The world’s largest online shopping bonanza began in China Wednesday with an army of workers and robots primed to sort packages, and international superstars hired to drive sales, on “Singles’ Day”.
Conceived as an antidote to Valentine’s Day, the event falls on the eleventh of the eleventh — with all its ones — and was meant to be an occasion for individuals to treat themselves to something new.
It has morphed into something else, however, and November 11 is expected to generate sales far outstripping the pre-Christmas “Black Friday” in the United States.

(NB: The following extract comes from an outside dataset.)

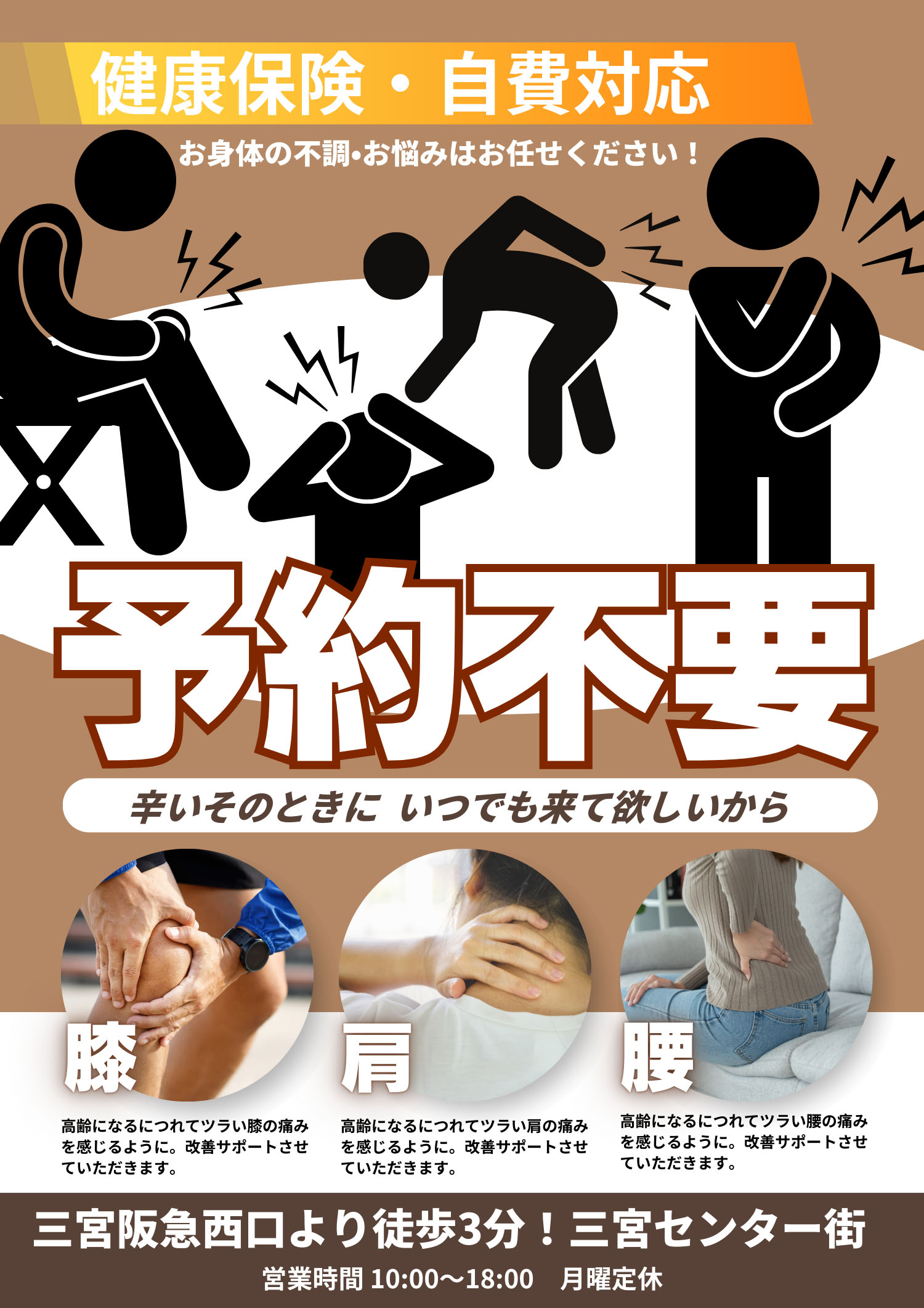 「辛いそのとき」に、今すぐ来て頂きたいという想いから、20年間「予約不要」で施術を行ってきました。お電話も不要なので、営業時間内であればいつでも直接お越しください。

It will also be closely watched in China for signs of consumer sentiment during the coronavirus pandemic.
The event started in 2009 with apparel sales on e-commerce giant Alibaba’s Tmall platform.
But in a nation of online shoppers, it now rakes in double what US retail giant Amazon does in a month, according to a recent report by consultants Bain & Co.
“Over the past five years, the ‘Double 11’ sales event has grown by an annual 35 percent, generating 410 billion yuan (approximately $60.4 billion) in gross merchandise value for retailers and brands,” the report said.
Reignite domestic demand
At Alibaba’s logistics hub, some 1,000 robots hummed in readiness Tuesday, with an anticipated flood of orders.
In China, where the coronavirus first surfaced, the recovery in retail sales has lagged behind that of industrial sectors, with authorities and retailers trying to reignite domestic demand.
Alibaba — quite literally playing on the numbers — has this year extended “Singles’ Day” from 24 hours to an 11-day shopping campaign.
And in a continued riff to hype the event, superstars such as Katy Perry have been hired to appear at an 11.11 Gala in Shanghai — to be broadcast online.
Singer Taylor Swift and supermodel Miranda Kerr are also expected to take part in interactive live broadcasts with Chinese consumers.
“Singles’ Day sales stats could be a useful anecdote of rebounding consumption,” said Stephen Innes, chief global market strategist at Axi, in a report this week.
The Economist Intelligence Unit said it expects China’s retail sales recovery to firm up in the last three months of the year — well supported by this shopping festival.
“China’s recovery from the coronavirus pandemic before other major economies will also support consumer confidence,” it said.